===== DATA SUPPLIED
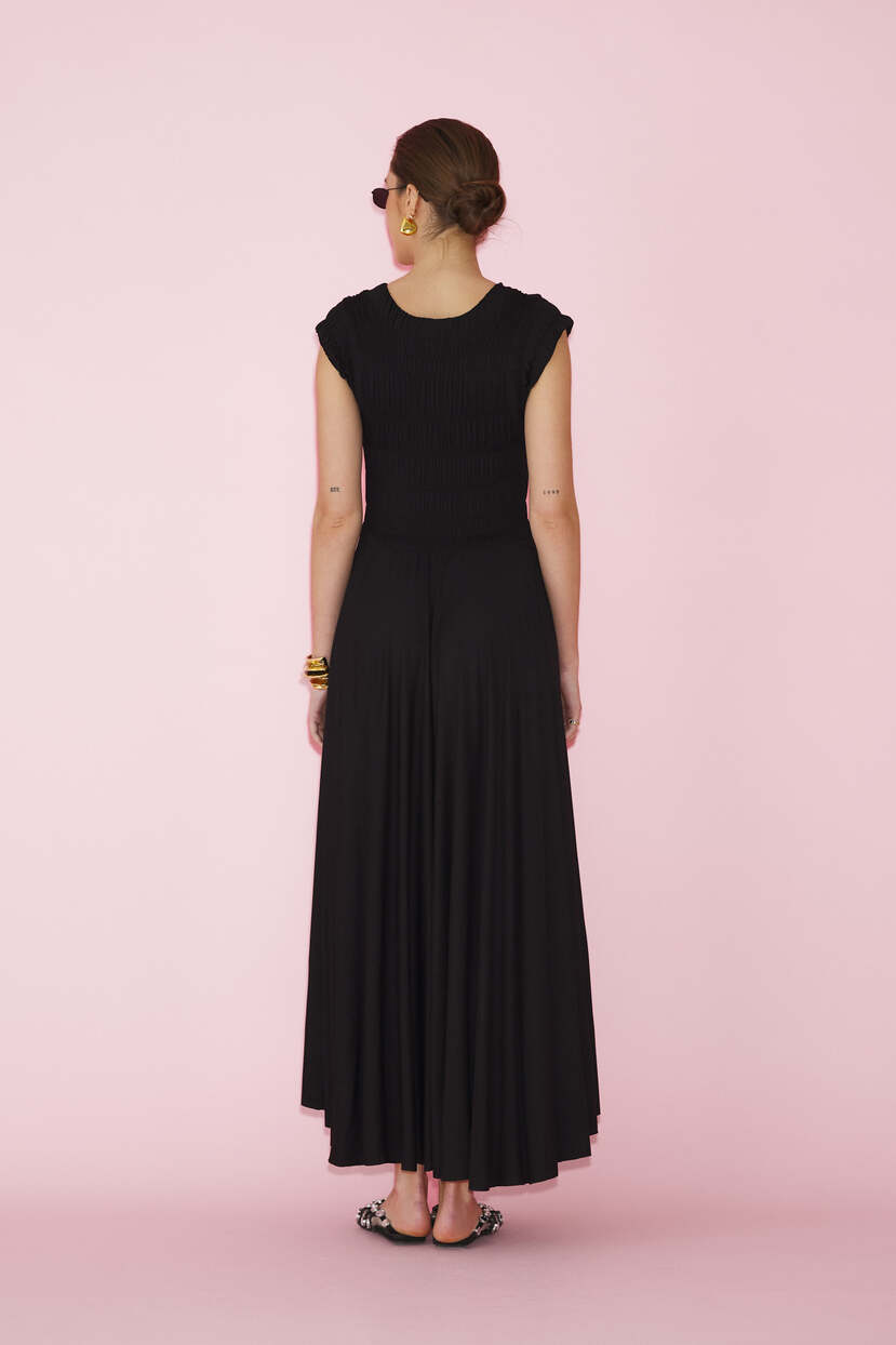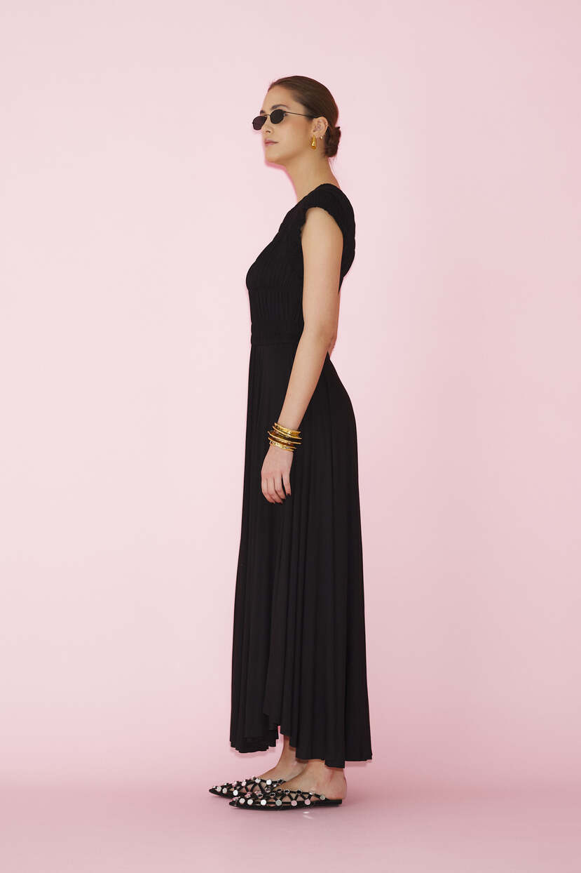 HOME - CLOTHING - Dresses - Midi-Wrap-Effect Black Midi Dress
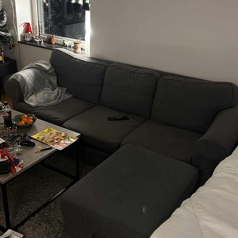 Två fina svarta soffor från IKEA med tyg som känns lite som något i ull. Gott skick!
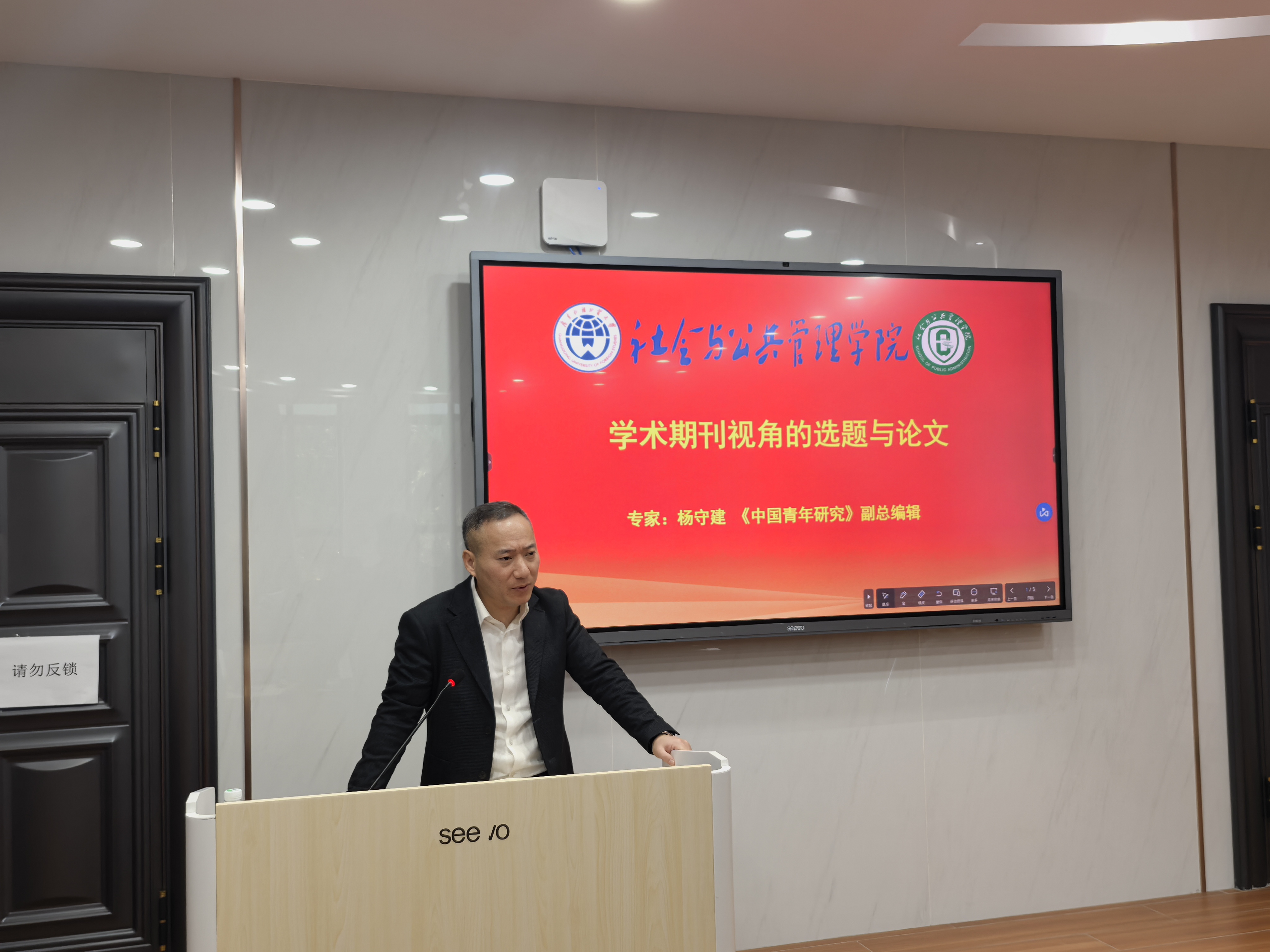 本网讯 11月22日,中国青少年研究中心学术期刊部主任、《中国青年研究》副总编辑杨守建老师应邀来我院开展题为“学术期刊视角的选题与论文”的学术讲座。学院陈胜副院长、院长助理兼行政管理系主任杨美芬老师、王达梅老师、刘丽虹老师、林海彬老师、吴晓涵老师、朱侃老师以及在校研究生参加了本次讲座。
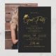Black and gold simple graduation invitation with modern hand written signature script and hand drawn grad cap, personalized photo on the back, simple and unique. Custom it with your own photo and grad party information.
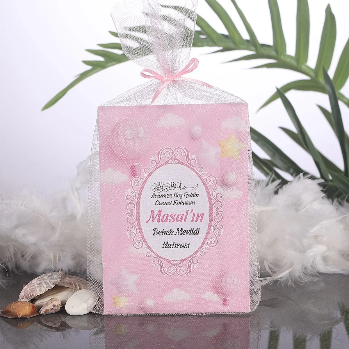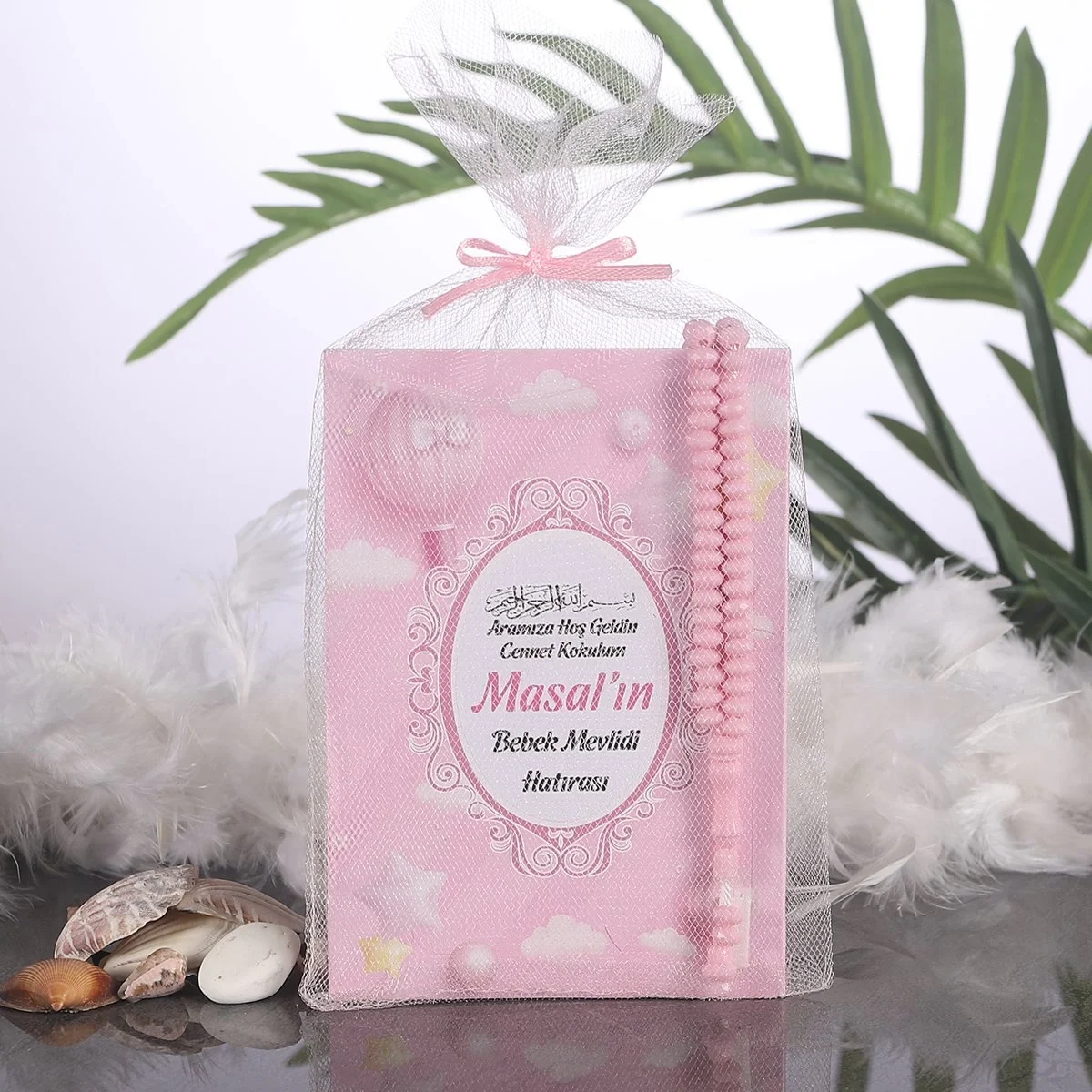 Balon Pembe Tül Kese + Yasin + Tesbih
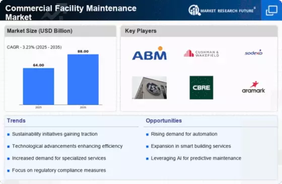 The Middle East and Africa region is gradually emerging in the Commercial Facility Maintenance Market, with a market size of 4.0% as of 2024. The growth is driven by increasing investments in infrastructure, urban development projects, and a rising focus on facility management services. Governments are recognizing the importance of maintaining public and private facilities, leading to a surge in demand for professional maintenance services across various sectors.
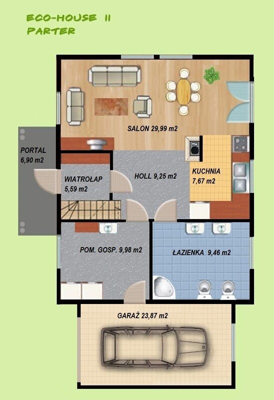 Dom drewniany Ecohouse II - z garażem jest zgrabnym i przytulnym domem całorocznym o wymiarach 7,8 x 10,8m + garaż 4,0 x 6,5m i powierzchni użytkowej 130,04m2+ garaż 23,87m2.
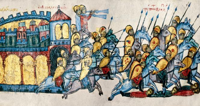 Armia bizantyńska swój rodowód wywodziła bezpośrednio z wojskowości rzymskiej. Machina wojenna przechodziła kolejne szczeble ewolucji od legionów do średniowiecznej armii, ponosząc dotkliwe klęski i odnosząc niespodziewane zwycięstwa.
==========
## WORK TO COMPLETE
In the records above, find the line with "Black and gold" and the line with "Dom drewniany Ecohouse"; please transcribe exactly those two lines and all lines between them, omitting any picture.

## RESULT OF THIS EXERCISE
Black and gold simple graduation invitation with modern hand written signature script and hand drawn grad cap, personalized photo on the back, simple and unique. Custom it with your own photo and grad party information.
 Balon Pembe Tül Kese + Yasin + Tesbih
 The Middle East and Africa region is gradually emerging in the Commercial Facility Maintenance Market, with a market size of 4.0% as of 2024. The growth is driven by increasing investments in infrastructure, urban development projects, and a rising focus on facility management services. Governments are recognizing the importance of maintaining public and private facilities, leading to a surge in demand for professional maintenance services across various sectors.
 Dom drewniany Ecohouse II - z garażem jest zgrabnym i przytulnym domem całorocznym o wymiarach 7,8 x 10,8m + garaż 4,0 x 6,5m i powierzchni użytkowej 130,04m2+ garaż 23,87m2.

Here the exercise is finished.